FIG. 23 is a top perspective view of a reagent cartridge 520 including the outlet valve 501 in another orientation that can be used in the system 100 of FIG. 1. The reagent cartridge 520 of FIG. 23 is similar to the reagent cartridge 520 of FIG. 21. The reagent cartridge 520 of FIG. 23, however, includes the outlet port 508 in a position such that the reagent cartridge 202 is oriented so that the base portion 212 of the body 210 extends vertically and the common fluidic line 238 includes a downward bend 514 at the distal end 242 thereof to direct fluid flow downwardly. With this configuration, an inlet opening 516 of the outlet port 508 can be aligned with the outlet of the downward bend 514.


A desired amount of reagent can be dispensed into the common fluidic line 238 by any of the above methods, which will then pool in the recess 502. When dispensing is desired, the piezo hammer 506 can be operated to impact the anvil 504 to thereby cause an amount of reagent to be driven through the outlet port 508 or dispensing needle 510.



FIG. 24 is a top perspective view of another reagent cartridge 550 including an outlet valve 551 that can be used in the system 100 of FIG. 1. The outlet valve 551 may be a rod-flap valve. The outlet valve 551 includes a valve body 552 defined by the base portion 212 of the body 210 and the top and bottom membranes 246, 248. The valve body 552 includes an opening 554 extending between the top and bottom surfaces 214, 216 of the base portion 212 and a valve member 556 disposed within the opening 554. The valve member 551 may be referred to as a flap, a flap valve, an actuator.

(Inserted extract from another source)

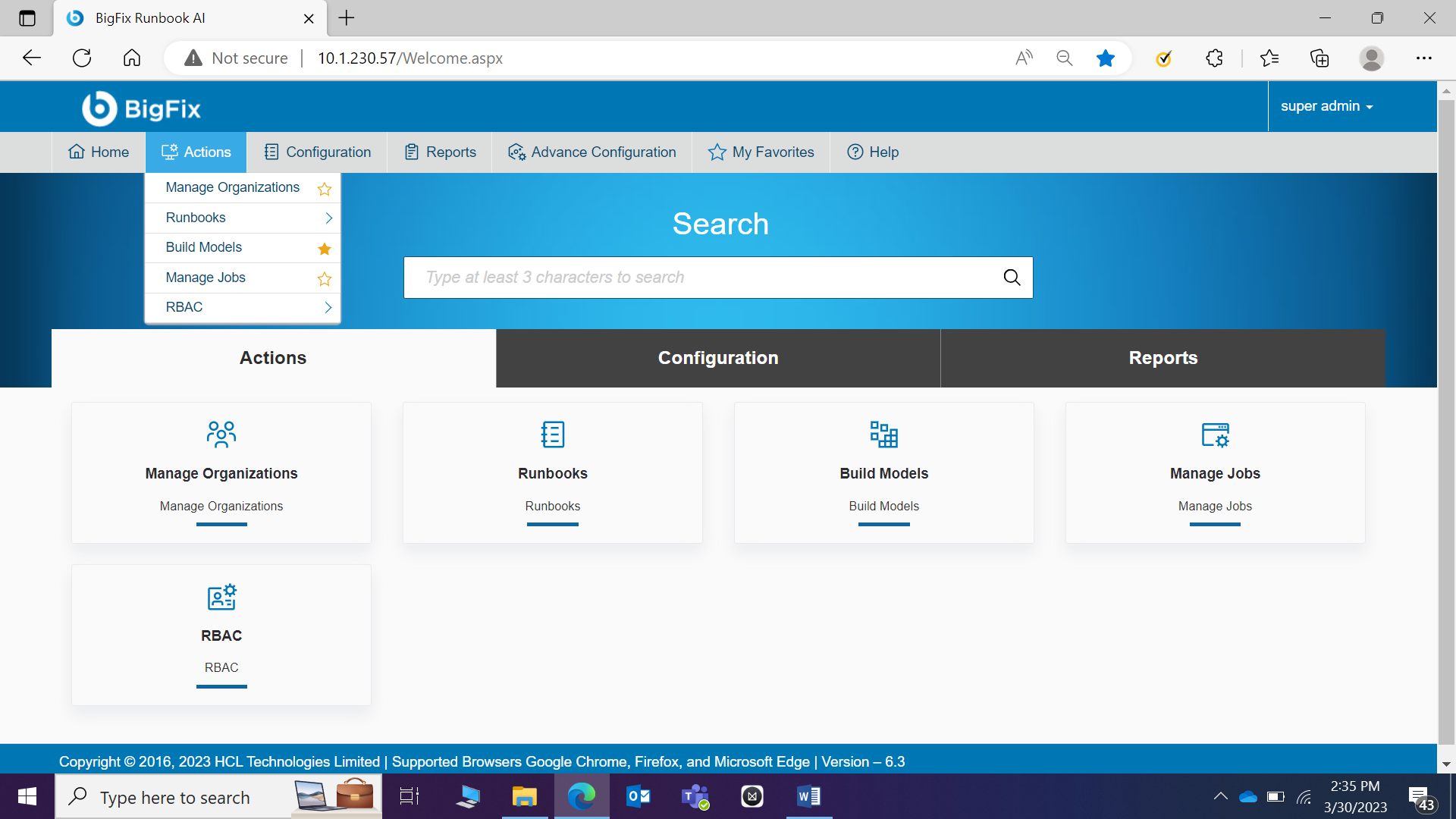 - Open BigFix Runbook AI Web URL and login with Super Admin credentials.

FIG. 25 is a cross-sectional detailed view of the reagent cartridge 500 of FIG. 24 showing the outlet valve 551. In the illustrated implementation, the valve member 556 can be a cantilever extending from an edge of the opening 554 to position a distal end 558 of the valve member 556 within the opening 554. If desired, the distal end 558 can have a hammer configuration with an upward projection 560.


The reagent cartridge 202 of this implementation includes an outlet port 562 defined by walls 564 extending upwardly from the base portion 212. An outlet fluidic line 566 is defined in the bottom surface 216 of the base portion 212 adjacent to the valve body 552 and fluidly connects to an inlet opening 568 of the outlet port 562. As shown, the top membrane 246 extends over and seals the valve body 552 and the bottom membrane 248 extends over and seals the valve body 552 and outlet fluidic line 562.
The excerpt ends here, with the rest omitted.